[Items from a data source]
-*-*-
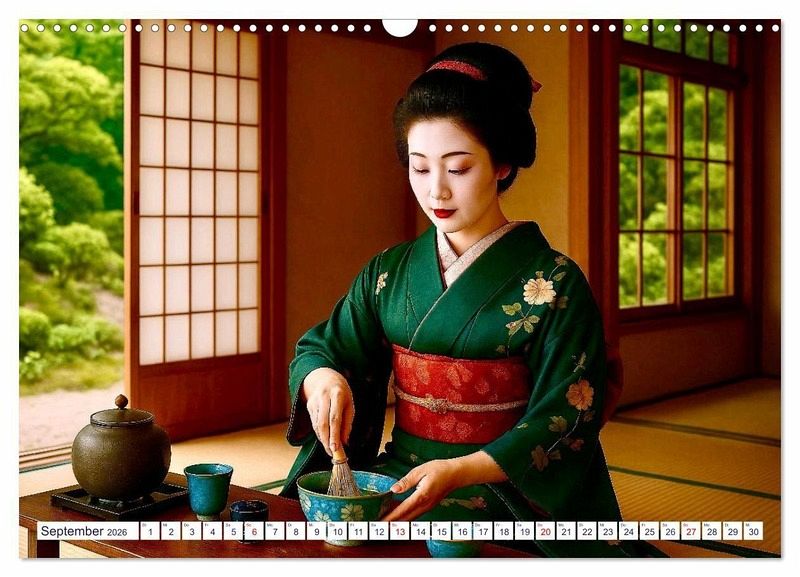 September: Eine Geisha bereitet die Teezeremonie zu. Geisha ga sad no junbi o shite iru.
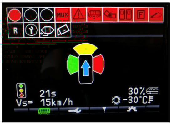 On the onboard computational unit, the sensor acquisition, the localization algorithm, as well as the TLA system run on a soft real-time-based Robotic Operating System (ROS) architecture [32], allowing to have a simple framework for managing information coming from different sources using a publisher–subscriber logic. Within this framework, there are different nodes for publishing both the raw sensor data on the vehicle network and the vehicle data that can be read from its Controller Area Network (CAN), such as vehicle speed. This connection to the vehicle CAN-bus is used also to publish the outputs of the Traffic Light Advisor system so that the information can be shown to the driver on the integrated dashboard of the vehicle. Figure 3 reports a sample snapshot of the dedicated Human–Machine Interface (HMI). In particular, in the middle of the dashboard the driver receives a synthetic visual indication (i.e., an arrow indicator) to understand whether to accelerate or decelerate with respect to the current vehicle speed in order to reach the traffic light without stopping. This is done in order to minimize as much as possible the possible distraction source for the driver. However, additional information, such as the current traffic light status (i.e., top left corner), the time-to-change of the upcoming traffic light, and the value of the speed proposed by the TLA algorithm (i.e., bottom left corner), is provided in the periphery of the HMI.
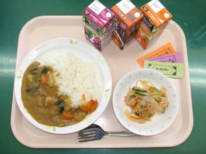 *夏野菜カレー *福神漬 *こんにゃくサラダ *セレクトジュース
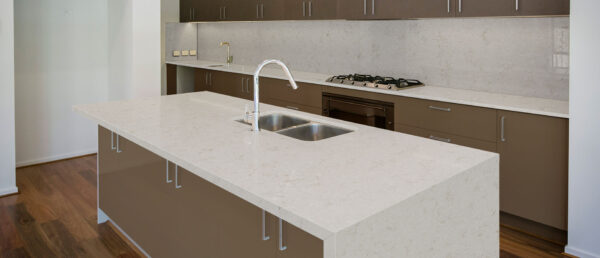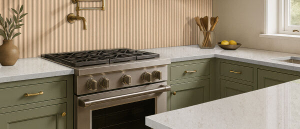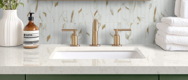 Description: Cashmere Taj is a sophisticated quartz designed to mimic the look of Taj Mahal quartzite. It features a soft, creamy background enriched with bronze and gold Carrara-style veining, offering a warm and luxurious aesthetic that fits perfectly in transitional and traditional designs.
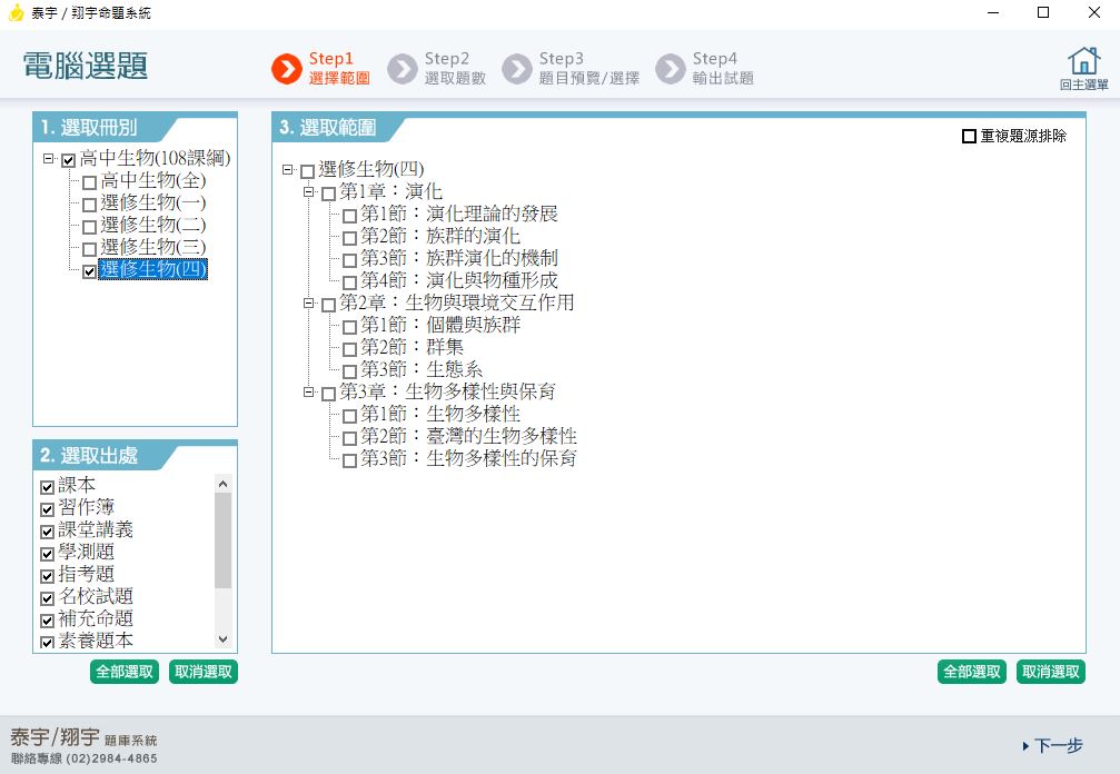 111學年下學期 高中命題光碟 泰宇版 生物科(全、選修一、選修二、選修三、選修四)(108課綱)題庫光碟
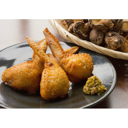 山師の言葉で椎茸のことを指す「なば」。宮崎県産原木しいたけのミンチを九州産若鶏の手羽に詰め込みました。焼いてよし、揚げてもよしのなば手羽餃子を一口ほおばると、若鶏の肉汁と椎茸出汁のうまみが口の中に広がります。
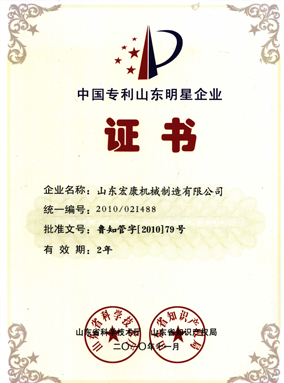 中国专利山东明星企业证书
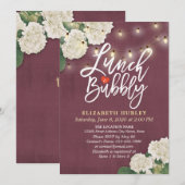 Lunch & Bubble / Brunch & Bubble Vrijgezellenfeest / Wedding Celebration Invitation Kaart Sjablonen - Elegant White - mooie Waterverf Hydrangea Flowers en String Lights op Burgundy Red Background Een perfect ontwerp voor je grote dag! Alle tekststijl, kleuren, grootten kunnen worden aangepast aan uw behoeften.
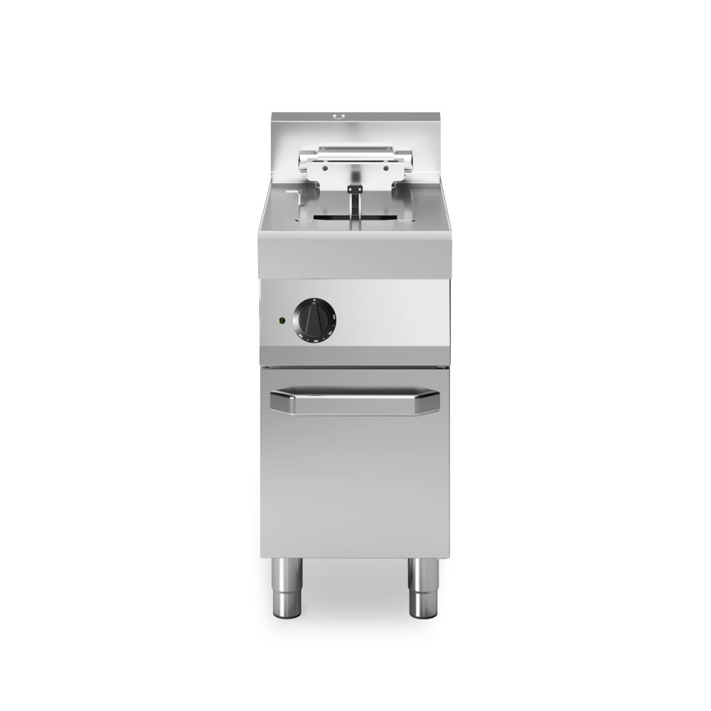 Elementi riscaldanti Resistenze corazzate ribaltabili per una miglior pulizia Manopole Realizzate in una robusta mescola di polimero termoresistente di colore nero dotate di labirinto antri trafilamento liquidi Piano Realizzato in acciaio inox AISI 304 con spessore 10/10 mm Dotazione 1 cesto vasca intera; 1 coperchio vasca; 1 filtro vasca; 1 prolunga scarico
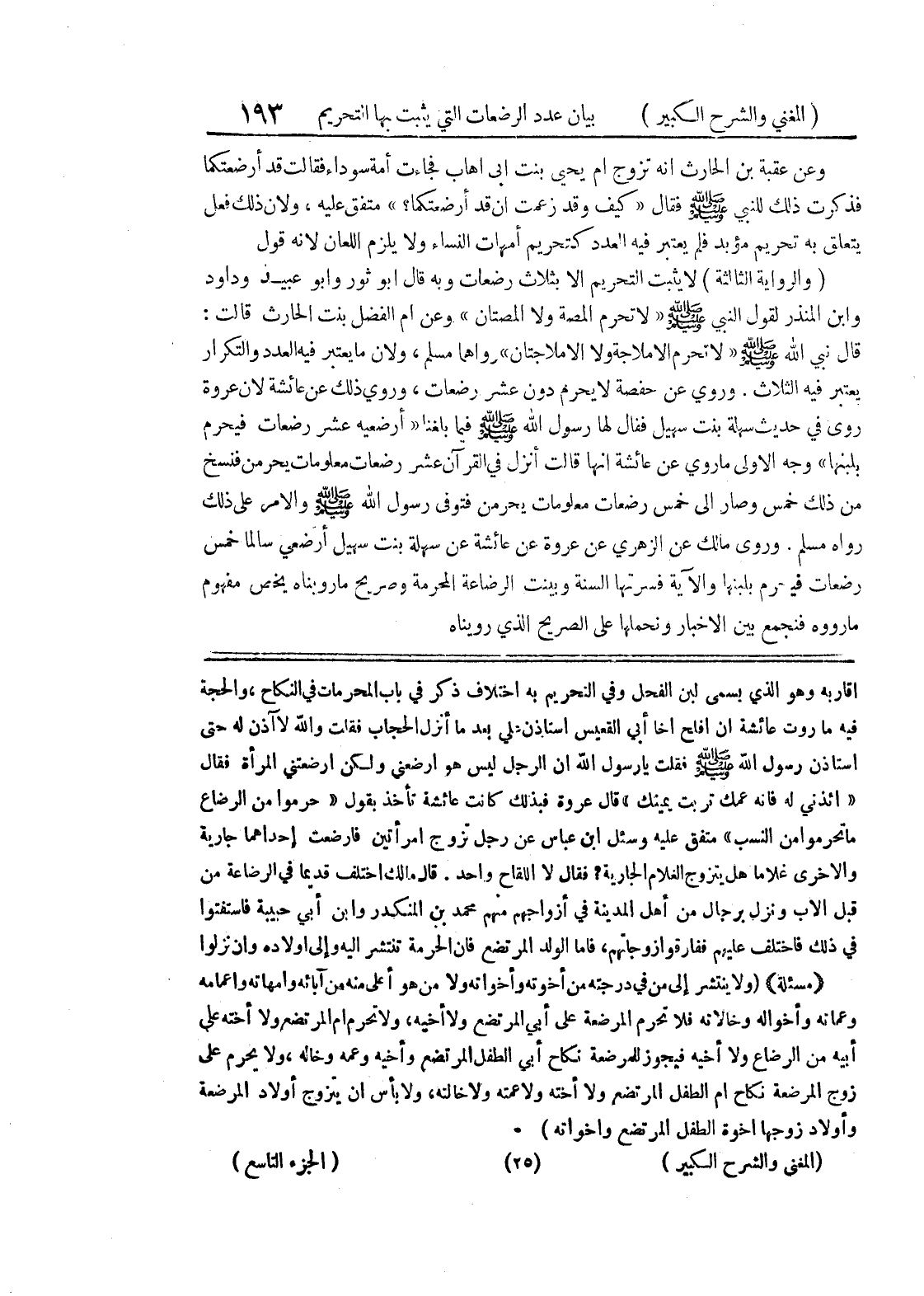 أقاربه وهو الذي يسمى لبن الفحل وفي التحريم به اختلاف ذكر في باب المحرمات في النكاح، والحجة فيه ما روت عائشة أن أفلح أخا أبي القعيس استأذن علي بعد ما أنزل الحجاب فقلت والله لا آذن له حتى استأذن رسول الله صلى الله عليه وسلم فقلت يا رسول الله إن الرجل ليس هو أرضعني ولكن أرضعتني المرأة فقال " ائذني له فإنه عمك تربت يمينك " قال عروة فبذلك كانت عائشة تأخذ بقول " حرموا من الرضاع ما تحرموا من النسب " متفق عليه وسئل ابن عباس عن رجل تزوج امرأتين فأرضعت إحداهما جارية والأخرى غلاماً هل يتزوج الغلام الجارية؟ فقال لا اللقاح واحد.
-*-*-
- TASK DETAILS -
Skip the pictures and transcribe the rest of the records exactly.

- RESPONSE -
 September: Eine Geisha bereitet die Teezeremonie zu. Geisha ga sad no junbi o shite iru.
 On the onboard computational unit, the sensor acquisition, the localization algorithm, as well as the TLA system run on a soft real-time-based Robotic Operating System (ROS) architecture [32], allowing to have a simple framework for managing information coming from different sources using a publisher–subscriber logic. Within this framework, there are different nodes for publishing both the raw sensor data on the vehicle network and the vehicle data that can be read from its Controller Area Network (CAN), such as vehicle speed. This connection to the vehicle CAN-bus is used also to publish the outputs of the Traffic Light Advisor system so that the information can be shown to the driver on the integrated dashboard of the vehicle. Figure 3 reports a sample snapshot of the dedicated Human–Machine Interface (HMI). In particular, in the middle of the dashboard the driver receives a synthetic visual indication (i.e., an arrow indicator) to understand whether to accelerate or decelerate with respect to the current vehicle speed in order to reach the traffic light without stopping. This is done in order to minimize as much as possible the possible distraction source for the driver. However, additional information, such as the current traffic light status (i.e., top left corner), the time-to-change of the upcoming traffic light, and the value of the speed proposed by the TLA algorithm (i.e., bottom left corner), is provided in the periphery of the HMI.
 *夏野菜カレー *福神漬 *こんにゃくサラダ *セレクトジュース
 Description: Cashmere Taj is a sophisticated quartz designed to mimic the look of Taj Mahal quartzite. It features a soft, creamy background enriched with bronze and gold Carrara-style veining, offering a warm and luxurious aesthetic that fits perfectly in transitional and traditional designs.
 111學年下學期 高中命題光碟 泰宇版 生物科(全、選修一、選修二、選修三、選修四)(108課綱)題庫光碟
 山師の言葉で椎茸のことを指す「なば」。宮崎県産原木しいたけのミンチを九州産若鶏の手羽に詰め込みました。焼いてよし、揚げてもよしのなば手羽餃子を一口ほおばると、若鶏の肉汁と椎茸出汁のうまみが口の中に広がります。
 中国专利山东明星企业证书
 Lunch & Bubble / Brunch & Bubble Vrijgezellenfeest / Wedding Celebration Invitation Kaart Sjablonen - Elegant White - mooie Waterverf Hydrangea Flowers en String Lights op Burgundy Red Background Een perfect ontwerp voor je grote dag! Alle tekststijl, kleuren, grootten kunnen worden aangepast aan uw behoeften.
 Elementi riscaldanti Resistenze corazzate ribaltabili per una miglior pulizia Manopole Realizzate in una robusta mescola di polimero termoresistente di colore nero dotate di labirinto antri trafilamento liquidi Piano Realizzato in acciaio inox AISI 304 con spessore 10/10 mm Dotazione 1 cesto vasca intera; 1 coperchio vasca; 1 filtro vasca; 1 prolunga scarico
 أقاربه وهو الذي يسمى لبن الفحل وفي التحريم به اختلاف ذكر في باب المحرمات في النكاح، والحجة فيه ما روت عائشة أن أفلح أخا أبي القعيس استأذن علي بعد ما أنزل الحجاب فقلت والله لا آذن له حتى استأذن رسول الله صلى الله عليه وسلم فقلت يا رسول الله إن الرجل ليس هو أرضعني ولكن أرضعتني المرأة فقال " ائذني له فإنه عمك تربت يمينك " قال عروة فبذلك كانت عائشة تأخذ بقول " حرموا من الرضاع ما تحرموا من النسب " متفق عليه وسئل ابن عباس عن رجل تزوج امرأتين فأرضعت إحداهما جارية والأخرى غلاماً هل يتزوج الغلام الجارية؟ فقال لا اللقاح واحد.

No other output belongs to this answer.